Mi marido se fue a vivir con su amante… Así que llevé a su madre, que estaba postrada en cama, hasta su puerta, y lo que dije antes de irme los dejó sin palabras.

Daniel y yo llevábamos siete años casados.

No era perfecto, pero yo creía en el compromiso. Creía en quedarme cuando las cosas se ponían difíciles.

Esa creencia surgió cuando acepté que su madre, Elena, viniera a vivir con nosotros.

Había sufrido un derrame cerebral antes de nuestra boda. Un lado de su cuerpo estaba paralizado. Dependía de ayuda para todo: comer, bañarse, moverse, incluso darse la vuelta en la cama.

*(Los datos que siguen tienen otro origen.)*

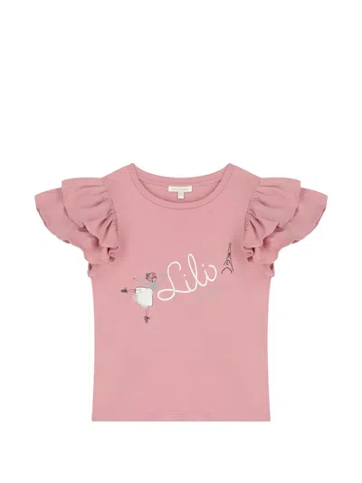 Kids' Ruffled-sleeves T-shirt In Pink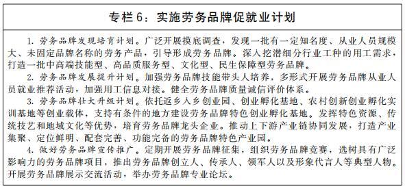 穩(wěn)定和擴大農(nóng)村勞動力外出就業(yè)規(guī)模。廣泛開展區(qū)域間勞務(wù)協(xié)作,健全勞務(wù)輸入集中區(qū)域與勞務(wù)輸出省份對接協(xié)調(diào)機制,加強勞動力跨區(qū)域精準(zhǔn)對接,發(fā)展勞務(wù)組織和經(jīng)紀(jì)人,有序組織輸出地農(nóng)村勞動力外出務(wù)工。培育一批有地域特色、行業(yè)特征、技能特點,帶動農(nóng)村勞動力就業(yè)效果好的勞務(wù)品牌。實施農(nóng)民工素質(zhì)提升工程,推進(jìn)新生代農(nóng)民工職業(yè)技能提升計劃。創(chuàng)建一批農(nóng)村勞動力轉(zhuǎn)移就業(yè)示范縣。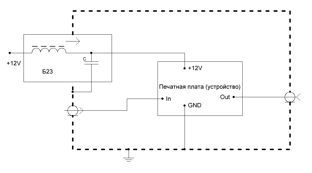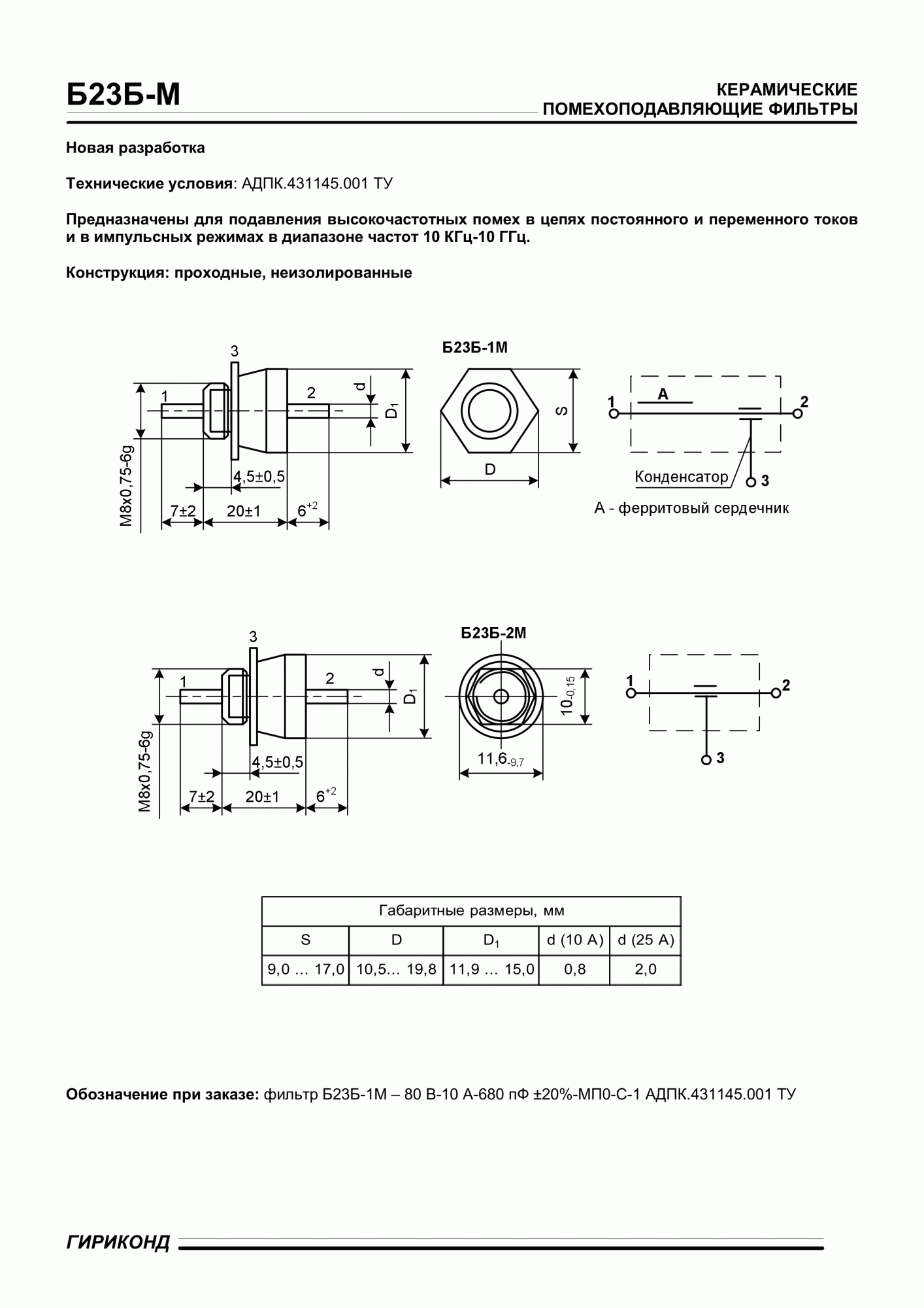Фильтры Б23Б в отличии от проходных конденсаторов имеют в составе ферритовую трубку, образующую совместно с проходящим внутри неё проводником катушку индуктивности. В конструкции корпуса также размещен опорный керамический конденсатор, одна обкладка которого выполнена в виде металлической резьбы на корпусе с накрученной гайкой, вторая обкладка подсоединена на выход фильтра после катушки индуктивности. Направление включения фильтра указано стрелкой нанесенной на корпус рядом с маркировкой. Фильтр крепится на шасси (экран) гайкой, питание подается на вывод согласно стрелки, снимается питание на схему с противоположного вывода. Используется в высокочастотной и измерительной аппаратуре.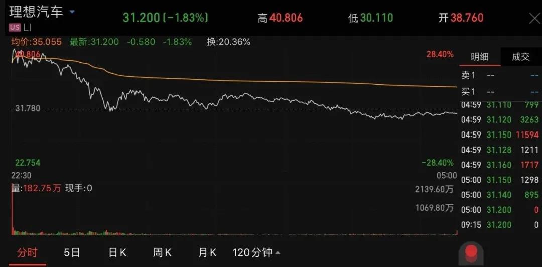 受上述消息影响,理想汽车盘前股价大涨超30%,开盘后股价最高涨幅也逼近27%,最高股价一度达到40.806美元,创新高。不过,之后的剧情急转直下。因受做空机构香橼资本做空中国造车新势力的影响,理想汽车最终收跌1.83%,报31.2美元,总市值为260.9亿美元。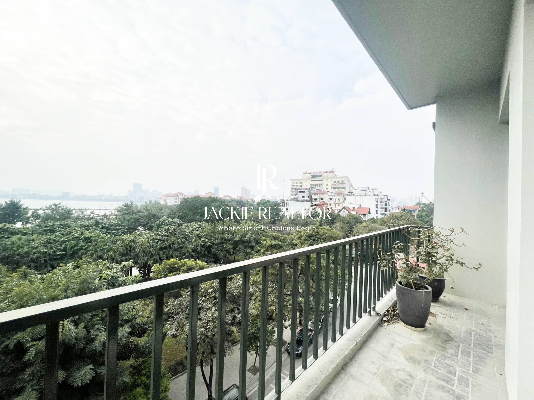 This is an elegant lakeview apartment for rent in To Ngoc Van Street, Tay Ho District!
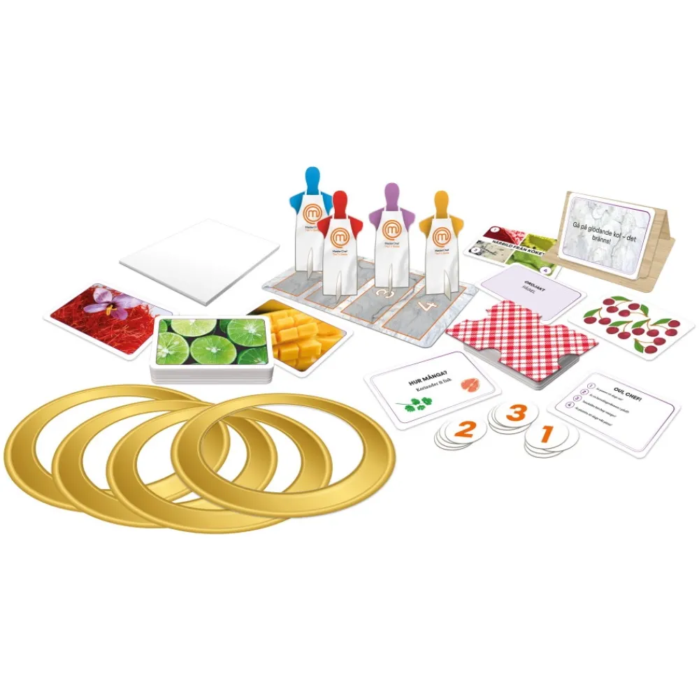 150 Kort, Poangtavla, 4 Figurer Med Masterkocksforkladen, 4 Papptallrikar, 12 Poangbrickor, 1 Korthallare, 1 Duk-Kort, 1 Tomt Anteckningsblock, Regler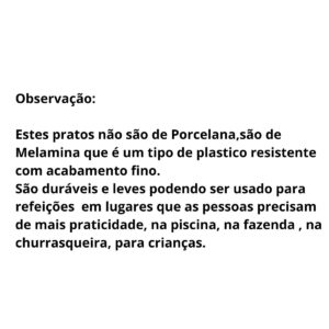 Obsevação: Estes Pratos não são de Porcelana,São de Melamina que é um Tipo de Plastico Resistente com acabamento Fino.São duráveis e leves podendo ser usado para refeições e em lugares que as pessoas precisam de mais praticidade, na piscina, na fazenda , na churrasqueira, para crianças.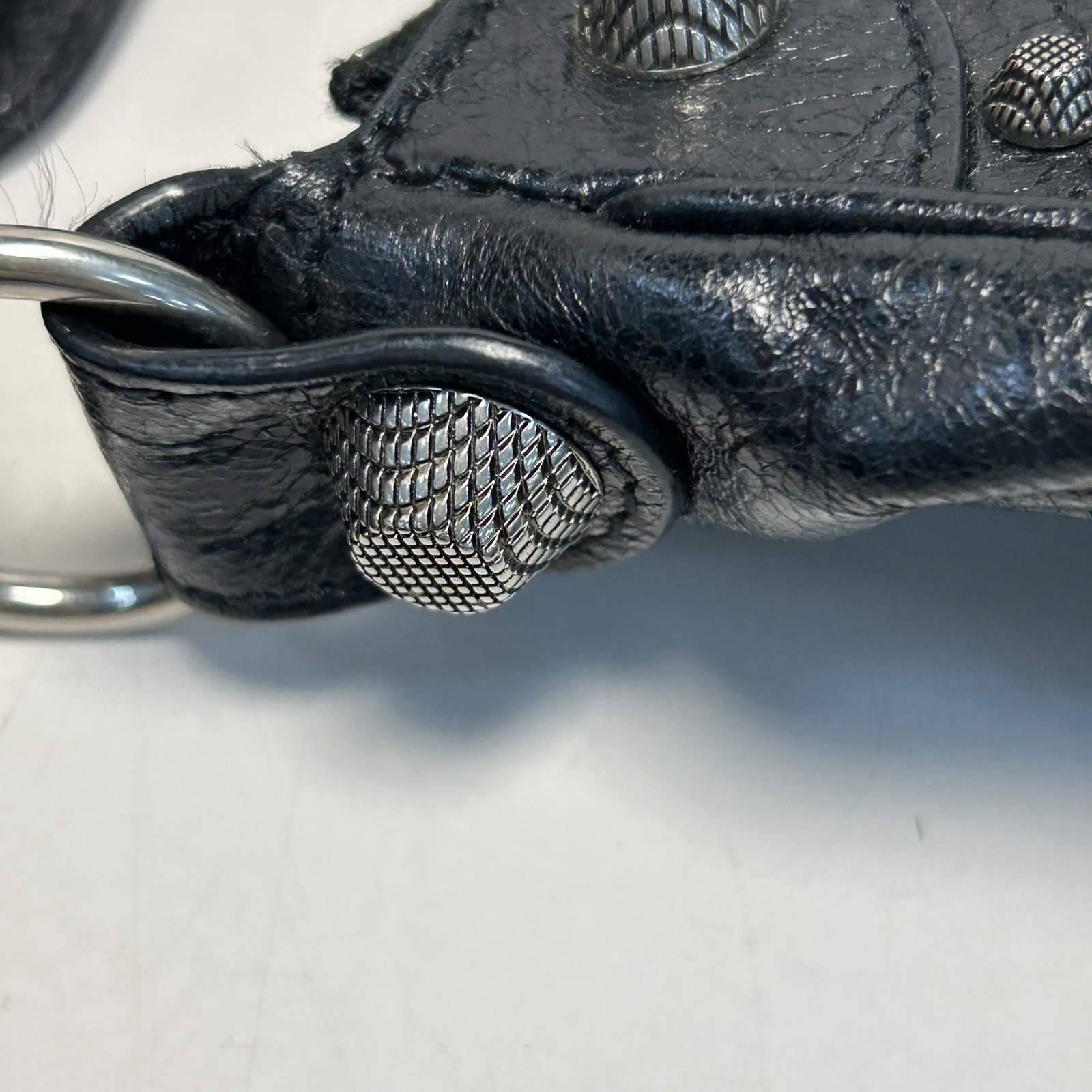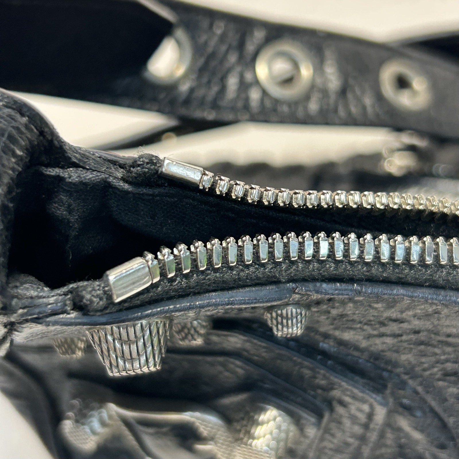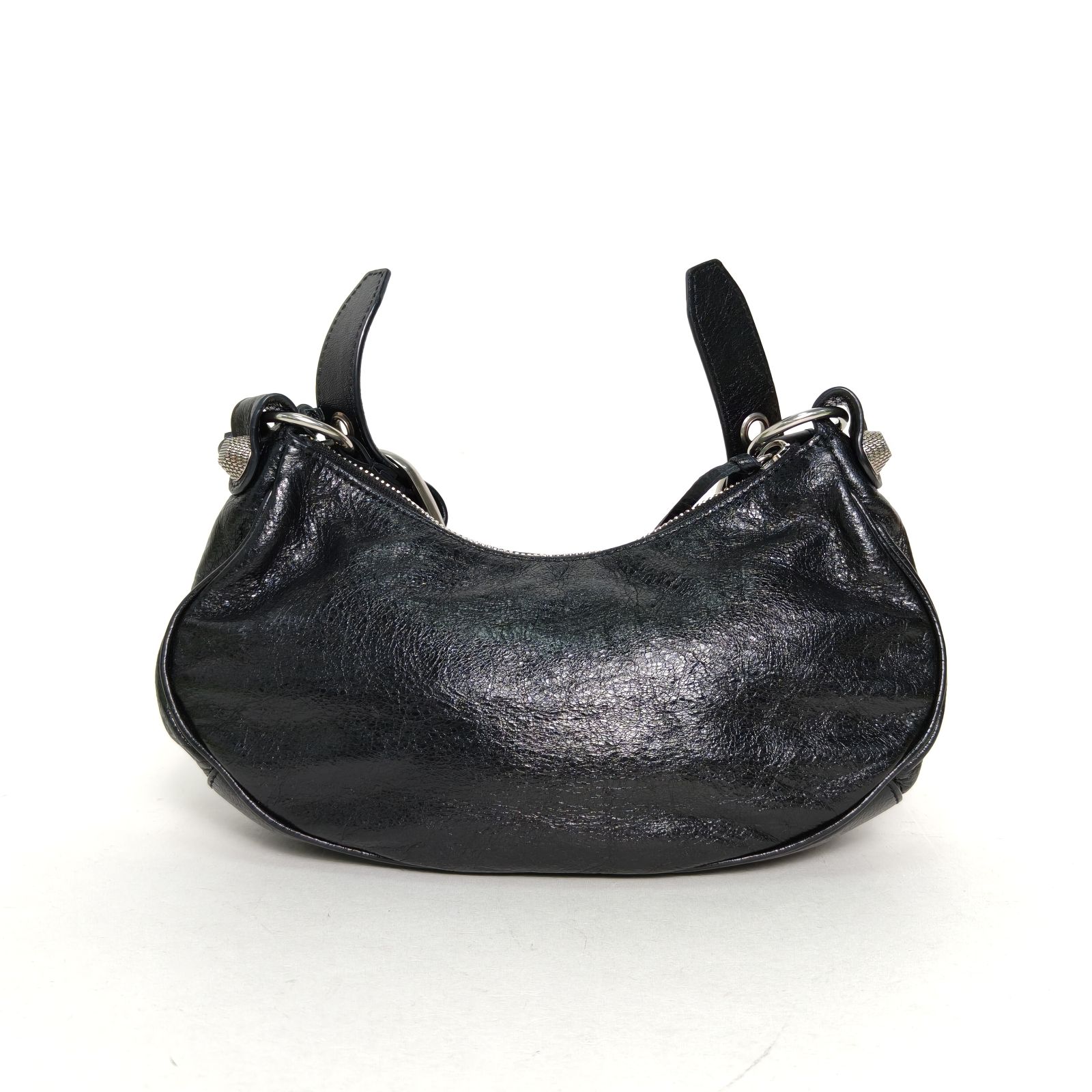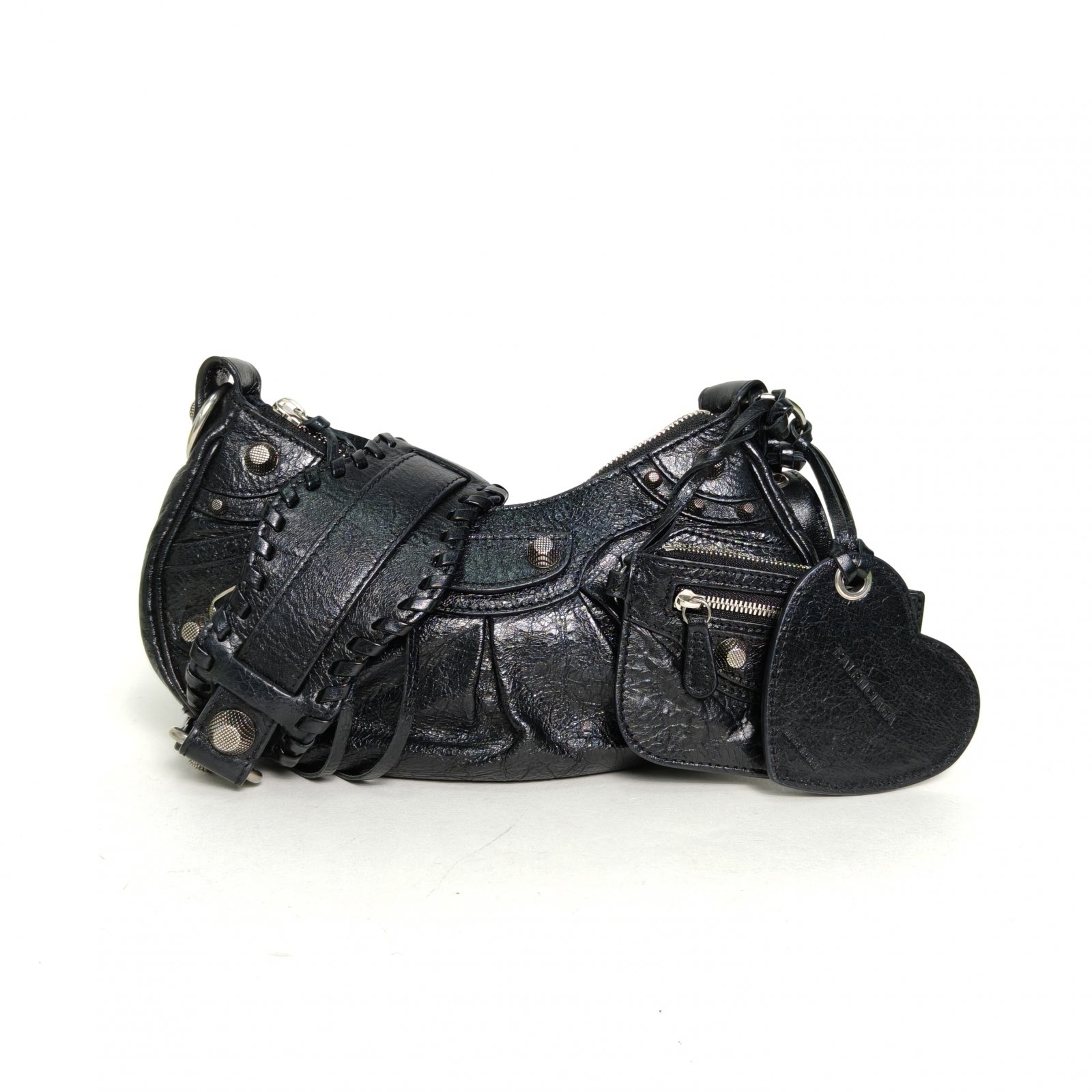 Made from black shiny leather with studded details and chain accents, this Le Cagole XS features a curved silhouette and multiple zippers, embodying Balenciaga’s edgy, deconstructed style.

Al principio, me dije que solo sería temporal.

Pero los meses se convirtieron en años.

Y de alguna manera, me convertí en su cuidadora a tiempo completo… mientras su propio hijo se alejaba poco a poco de toda responsabilidad.

Cada día seguía la misma rutina.

Me despertaba temprano, la ayudaba a levantarse de la cama, le daba de comer, le daba la medicina, la limpiaba y le cambiaba las sábanas. Por la noche, me quedaba atenta por si necesitaba moverse o ir al baño.

¿Y Daniel?

Trabajaba, volvía a casa y se desconectaba.